**WHAT IS NEEDED**: A word-for-word reproduction of the data below is needed, with no pictures in it.
·····
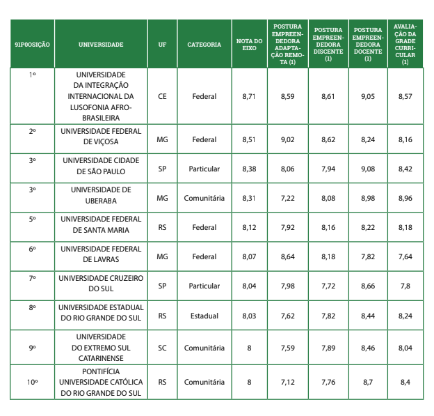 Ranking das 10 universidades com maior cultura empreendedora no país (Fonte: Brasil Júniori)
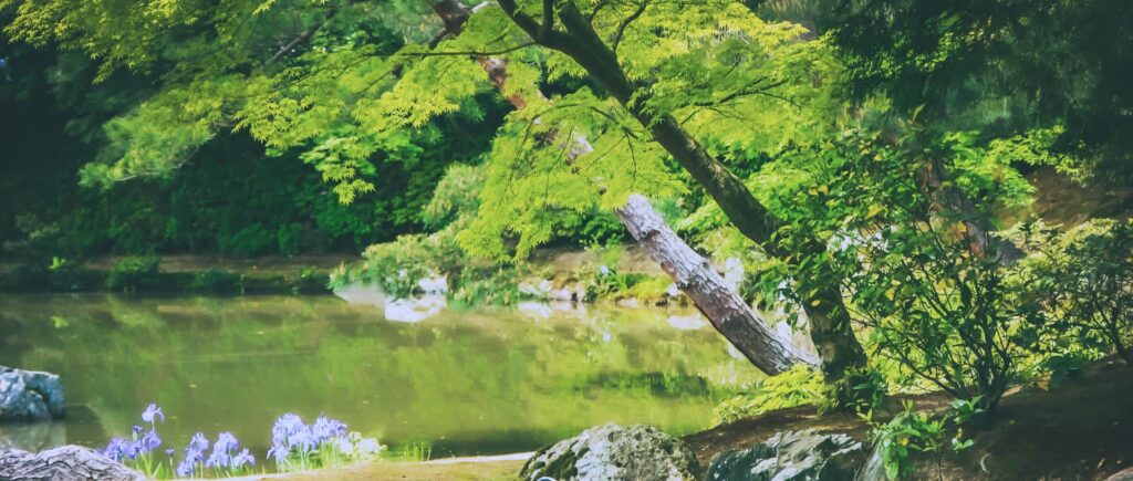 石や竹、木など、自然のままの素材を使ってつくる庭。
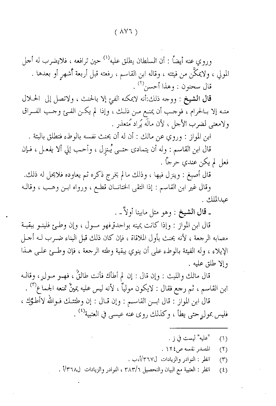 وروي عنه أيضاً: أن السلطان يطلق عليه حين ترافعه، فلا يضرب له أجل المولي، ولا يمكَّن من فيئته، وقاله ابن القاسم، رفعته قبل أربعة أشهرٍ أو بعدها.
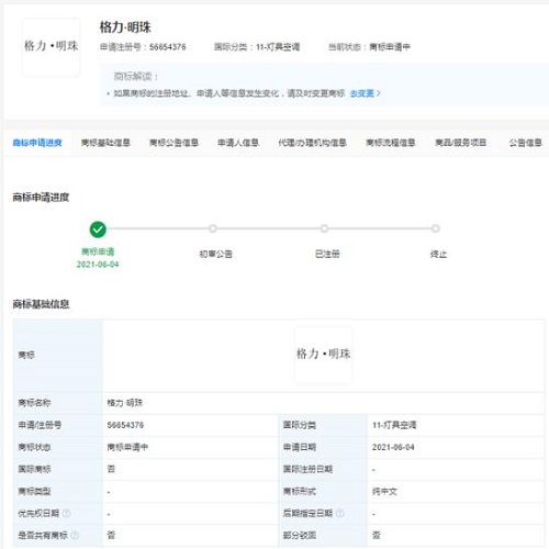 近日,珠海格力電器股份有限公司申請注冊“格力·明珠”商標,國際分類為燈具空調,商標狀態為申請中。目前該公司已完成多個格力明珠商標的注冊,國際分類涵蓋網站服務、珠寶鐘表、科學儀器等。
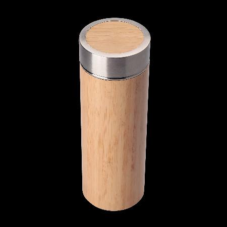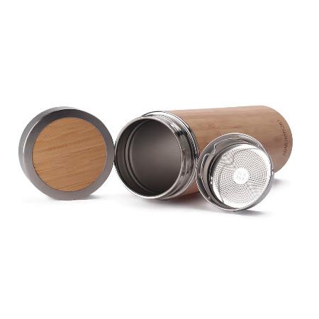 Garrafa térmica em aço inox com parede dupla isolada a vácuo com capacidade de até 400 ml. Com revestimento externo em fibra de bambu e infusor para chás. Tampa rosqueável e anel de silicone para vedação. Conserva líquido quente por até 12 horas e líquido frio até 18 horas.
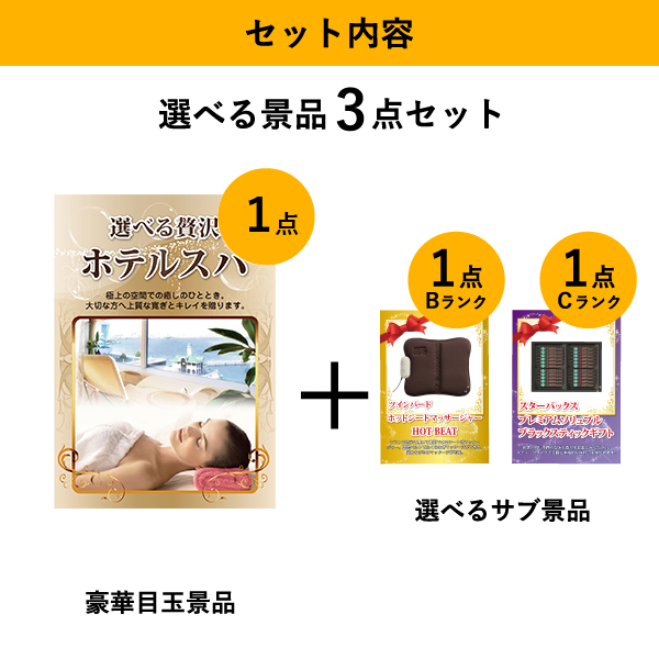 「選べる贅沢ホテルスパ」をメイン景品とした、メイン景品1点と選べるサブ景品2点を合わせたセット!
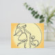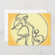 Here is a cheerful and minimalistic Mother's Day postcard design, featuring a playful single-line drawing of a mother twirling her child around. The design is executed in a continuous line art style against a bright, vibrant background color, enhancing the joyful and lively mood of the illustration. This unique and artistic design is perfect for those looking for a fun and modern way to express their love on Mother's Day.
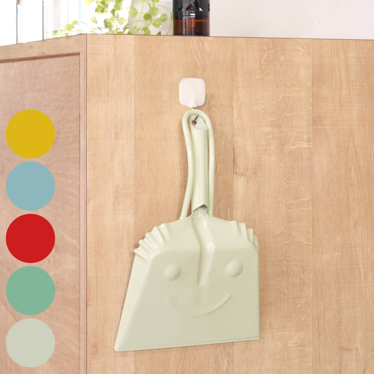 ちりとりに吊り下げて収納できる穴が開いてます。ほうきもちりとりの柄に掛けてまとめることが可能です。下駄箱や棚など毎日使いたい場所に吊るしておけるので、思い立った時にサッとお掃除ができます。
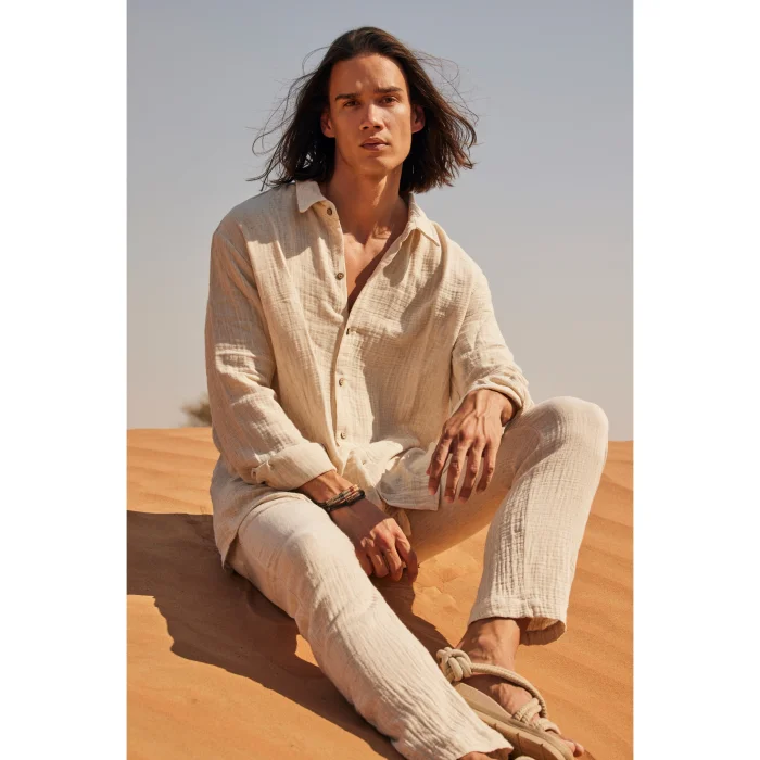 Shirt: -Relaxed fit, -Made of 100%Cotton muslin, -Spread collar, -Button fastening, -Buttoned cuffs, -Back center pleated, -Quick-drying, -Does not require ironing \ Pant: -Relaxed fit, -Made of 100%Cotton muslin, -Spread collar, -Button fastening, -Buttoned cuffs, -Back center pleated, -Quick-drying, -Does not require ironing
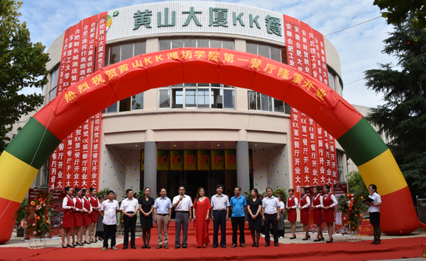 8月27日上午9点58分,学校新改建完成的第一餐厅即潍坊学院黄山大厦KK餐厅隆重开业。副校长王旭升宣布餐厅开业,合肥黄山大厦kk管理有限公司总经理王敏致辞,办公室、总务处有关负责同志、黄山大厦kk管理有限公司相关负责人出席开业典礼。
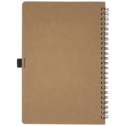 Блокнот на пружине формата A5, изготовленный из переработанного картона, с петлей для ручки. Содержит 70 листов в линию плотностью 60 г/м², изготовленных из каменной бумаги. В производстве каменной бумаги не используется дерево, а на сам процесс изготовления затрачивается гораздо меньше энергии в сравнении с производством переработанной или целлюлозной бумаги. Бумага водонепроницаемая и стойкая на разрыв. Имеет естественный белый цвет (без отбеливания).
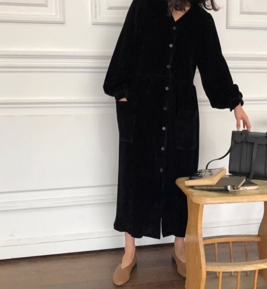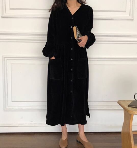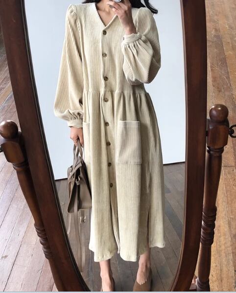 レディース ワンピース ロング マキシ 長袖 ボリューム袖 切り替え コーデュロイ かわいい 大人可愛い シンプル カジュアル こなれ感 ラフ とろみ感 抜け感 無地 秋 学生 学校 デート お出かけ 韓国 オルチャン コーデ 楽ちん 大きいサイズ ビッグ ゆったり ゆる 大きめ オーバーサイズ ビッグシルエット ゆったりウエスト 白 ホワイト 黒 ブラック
·····
**OUTPUT OF THE TASK**:
 Ranking das 10 universidades com maior cultura empreendedora no país (Fonte: Brasil Júniori)
 石や竹、木など、自然のままの素材を使ってつくる庭。
 وروي عنه أيضاً: أن السلطان يطلق عليه حين ترافعه، فلا يضرب له أجل المولي، ولا يمكَّن من فيئته، وقاله ابن القاسم، رفعته قبل أربعة أشهرٍ أو بعدها.
 近日,珠海格力電器股份有限公司申請注冊“格力·明珠”商標,國際分類為燈具空調,商標狀態為申請中。目前該公司已完成多個格力明珠商標的注冊,國際分類涵蓋網站服務、珠寶鐘表、科學儀器等。
 Garrafa térmica em aço inox com parede dupla isolada a vácuo com capacidade de até 400 ml. Com revestimento externo em fibra de bambu e infusor para chás. Tampa rosqueável e anel de silicone para vedação. Conserva líquido quente por até 12 horas e líquido frio até 18 horas.
 「選べる贅沢ホテルスパ」をメイン景品とした、メイン景品1点と選べるサブ景品2点を合わせたセット!
 Here is a cheerful and minimalistic Mother's Day postcard design, featuring a playful single-line drawing of a mother twirling her child around. The design is executed in a continuous line art style against a bright, vibrant background color, enhancing the joyful and lively mood of the illustration. This unique and artistic design is perfect for those looking for a fun and modern way to express their love on Mother's Day.
 ちりとりに吊り下げて収納できる穴が開いてます。ほうきもちりとりの柄に掛けてまとめることが可能です。下駄箱や棚など毎日使いたい場所に吊るしておけるので、思い立った時にサッとお掃除ができます。
 Shirt: -Relaxed fit, -Made of 100%Cotton muslin, -Spread collar, -Button fastening, -Buttoned cuffs, -Back center pleated, -Quick-drying, -Does not require ironing \ Pant: -Relaxed fit, -Made of 100%Cotton muslin, -Spread collar, -Button fastening, -Buttoned cuffs, -Back center pleated, -Quick-drying, -Does not require ironing
 8月27日上午9点58分,学校新改建完成的第一餐厅即潍坊学院黄山大厦KK餐厅隆重开业。副校长王旭升宣布餐厅开业,合肥黄山大厦kk管理有限公司总经理王敏致辞,办公室、总务处有关负责同志、黄山大厦kk管理有限公司相关负责人出席开业典礼。
 Блокнот на пружине формата A5, изготовленный из переработанного картона, с петлей для ручки. Содержит 70 листов в линию плотностью 60 г/м², изготовленных из каменной бумаги. В производстве каменной бумаги не используется дерево, а на сам процесс изготовления затрачивается гораздо меньше энергии в сравнении с производством переработанной или целлюлозной бумаги. Бумага водонепроницаемая и стойкая на разрыв. Имеет естественный белый цвет (без отбеливания).
 レディース ワンピース ロング マキシ 長袖 ボリューム袖 切り替え コーデュロイ かわいい 大人可愛い シンプル カジュアル こなれ感 ラフ とろみ感 抜け感 無地 秋 学生 学校 デート お出かけ 韓国 オルチャン コーデ 楽ちん 大きいサイズ ビッグ ゆったり ゆる 大きめ オーバーサイズ ビッグシルエット ゆったりウエスト 白 ホワイト 黒 ブラック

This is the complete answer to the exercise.